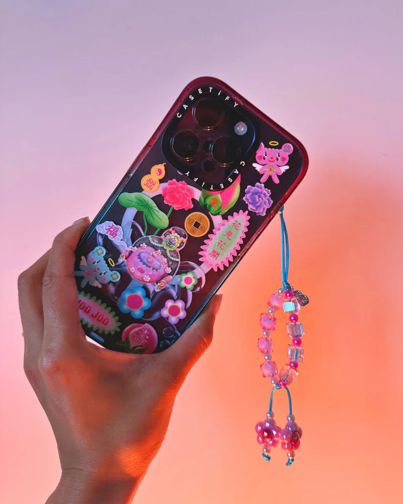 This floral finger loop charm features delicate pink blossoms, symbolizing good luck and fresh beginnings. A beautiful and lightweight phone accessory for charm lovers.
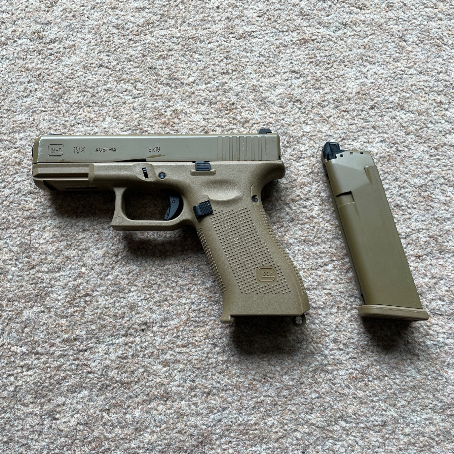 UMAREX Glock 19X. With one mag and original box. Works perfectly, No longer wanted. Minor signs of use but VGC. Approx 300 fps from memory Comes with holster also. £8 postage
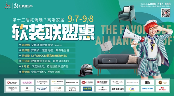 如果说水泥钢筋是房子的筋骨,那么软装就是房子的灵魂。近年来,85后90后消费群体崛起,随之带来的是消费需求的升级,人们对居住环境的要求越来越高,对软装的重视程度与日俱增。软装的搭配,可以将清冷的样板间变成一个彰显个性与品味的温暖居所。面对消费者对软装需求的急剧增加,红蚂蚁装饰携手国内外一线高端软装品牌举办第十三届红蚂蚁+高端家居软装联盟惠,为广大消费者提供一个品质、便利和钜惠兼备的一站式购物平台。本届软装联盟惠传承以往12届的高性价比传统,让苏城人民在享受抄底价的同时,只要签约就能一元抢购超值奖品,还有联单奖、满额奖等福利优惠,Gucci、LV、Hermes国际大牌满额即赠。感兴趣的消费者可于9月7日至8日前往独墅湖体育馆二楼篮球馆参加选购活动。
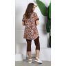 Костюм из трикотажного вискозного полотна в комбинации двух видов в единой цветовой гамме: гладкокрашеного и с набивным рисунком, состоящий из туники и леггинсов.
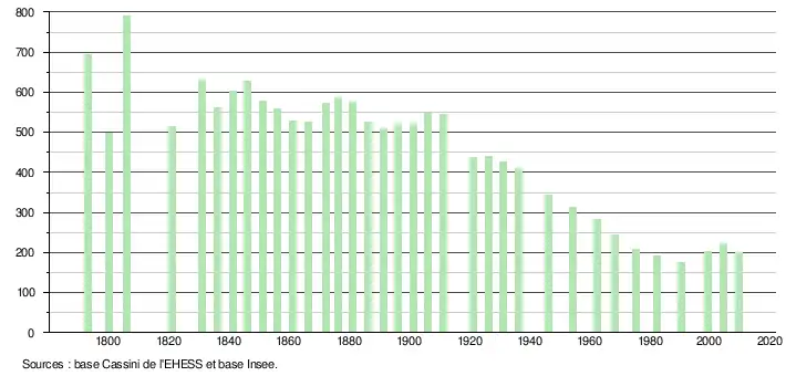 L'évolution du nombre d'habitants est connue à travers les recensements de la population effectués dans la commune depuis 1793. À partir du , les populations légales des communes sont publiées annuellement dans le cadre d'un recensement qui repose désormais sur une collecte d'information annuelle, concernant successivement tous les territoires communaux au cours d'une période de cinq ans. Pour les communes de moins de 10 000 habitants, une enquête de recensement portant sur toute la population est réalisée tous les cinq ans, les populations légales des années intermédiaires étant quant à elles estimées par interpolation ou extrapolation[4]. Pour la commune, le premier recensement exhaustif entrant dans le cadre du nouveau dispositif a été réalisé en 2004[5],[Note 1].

...

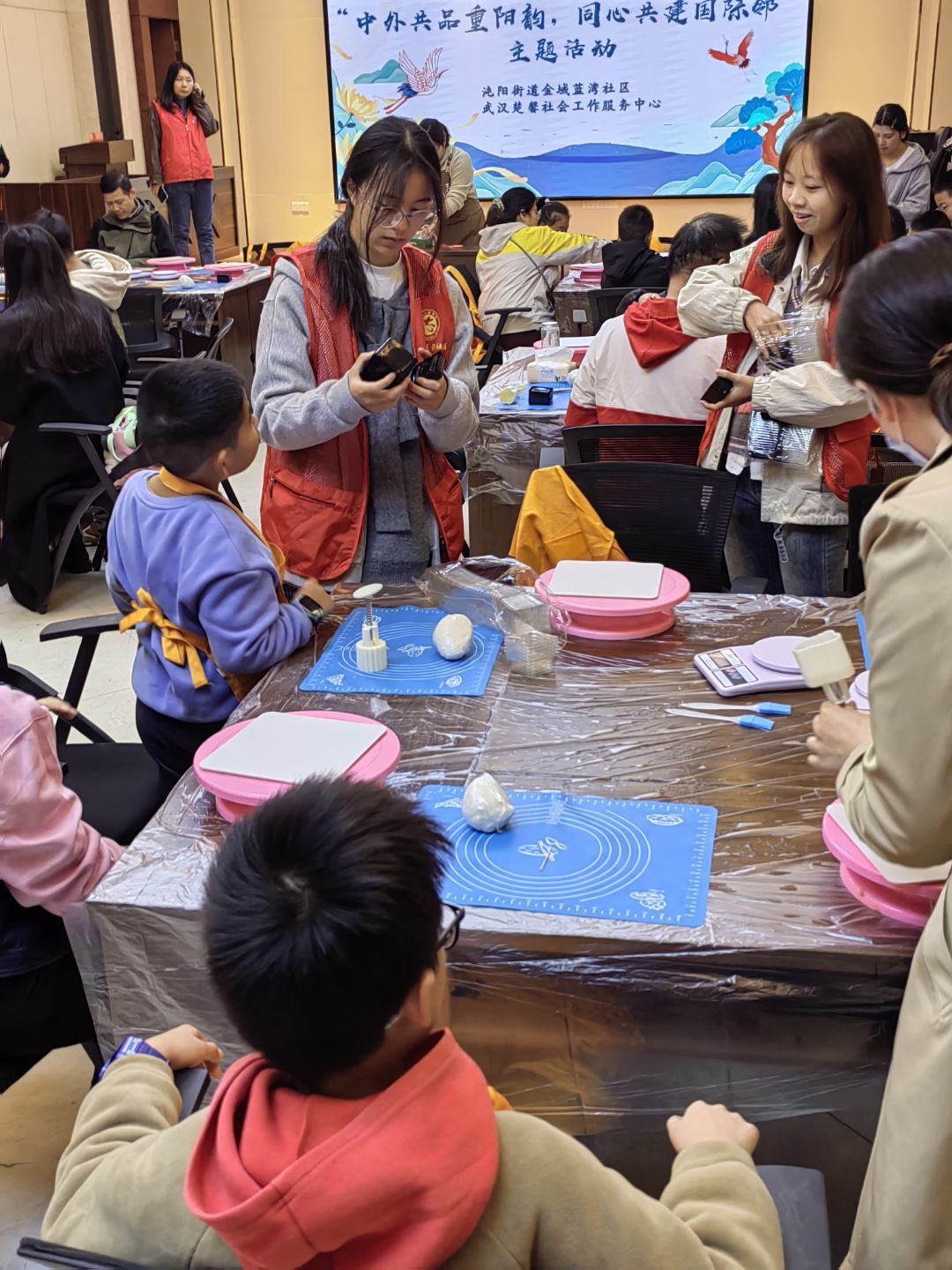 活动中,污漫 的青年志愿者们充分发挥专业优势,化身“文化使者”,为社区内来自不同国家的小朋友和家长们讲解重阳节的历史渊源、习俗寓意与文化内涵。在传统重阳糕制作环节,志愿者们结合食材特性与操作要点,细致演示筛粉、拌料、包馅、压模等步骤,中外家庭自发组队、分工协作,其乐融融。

- **TASK TO CARRY OUT**: Extract from the material above the stretch running from the line containing "This floral finger" through the line containing "L'évolution du nombre". Keep the text exact and the pictures out.

- **RESULT OF THE TASK**:
 This floral finger loop charm features delicate pink blossoms, symbolizing good luck and fresh beginnings. A beautiful and lightweight phone accessory for charm lovers.
 UMAREX Glock 19X. With one mag and original box. Works perfectly, No longer wanted. Minor signs of use but VGC. Approx 300 fps from memory Comes with holster also. £8 postage
 如果说水泥钢筋是房子的筋骨,那么软装就是房子的灵魂。近年来,85后90后消费群体崛起,随之带来的是消费需求的升级,人们对居住环境的要求越来越高,对软装的重视程度与日俱增。软装的搭配,可以将清冷的样板间变成一个彰显个性与品味的温暖居所。面对消费者对软装需求的急剧增加,红蚂蚁装饰携手国内外一线高端软装品牌举办第十三届红蚂蚁+高端家居软装联盟惠,为广大消费者提供一个品质、便利和钜惠兼备的一站式购物平台。本届软装联盟惠传承以往12届的高性价比传统,让苏城人民在享受抄底价的同时,只要签约就能一元抢购超值奖品,还有联单奖、满额奖等福利优惠,Gucci、LV、Hermes国际大牌满额即赠。感兴趣的消费者可于9月7日至8日前往独墅湖体育馆二楼篮球馆参加选购活动。
 Костюм из трикотажного вискозного полотна в комбинации двух видов в единой цветовой гамме: гладкокрашеного и с набивным рисунком, состоящий из туники и леггинсов.
 L'évolution du nombre d'habitants est connue à travers les recensements de la population effectués dans la commune depuis 1793. À partir du , les populations légales des communes sont publiées annuellement dans le cadre d'un recensement qui repose désormais sur une collecte d'information annuelle, concernant successivement tous les territoires communaux au cours d'une période de cinq ans. Pour les communes de moins de 10 000 habitants, une enquête de recensement portant sur toute la population est réalisée tous les cinq ans, les populations légales des années intermédiaires étant quant à elles estimées par interpolation ou extrapolation[4]. Pour la commune, le premier recensement exhaustif entrant dans le cadre du nouveau dispositif a été réalisé en 2004[5],[Note 1].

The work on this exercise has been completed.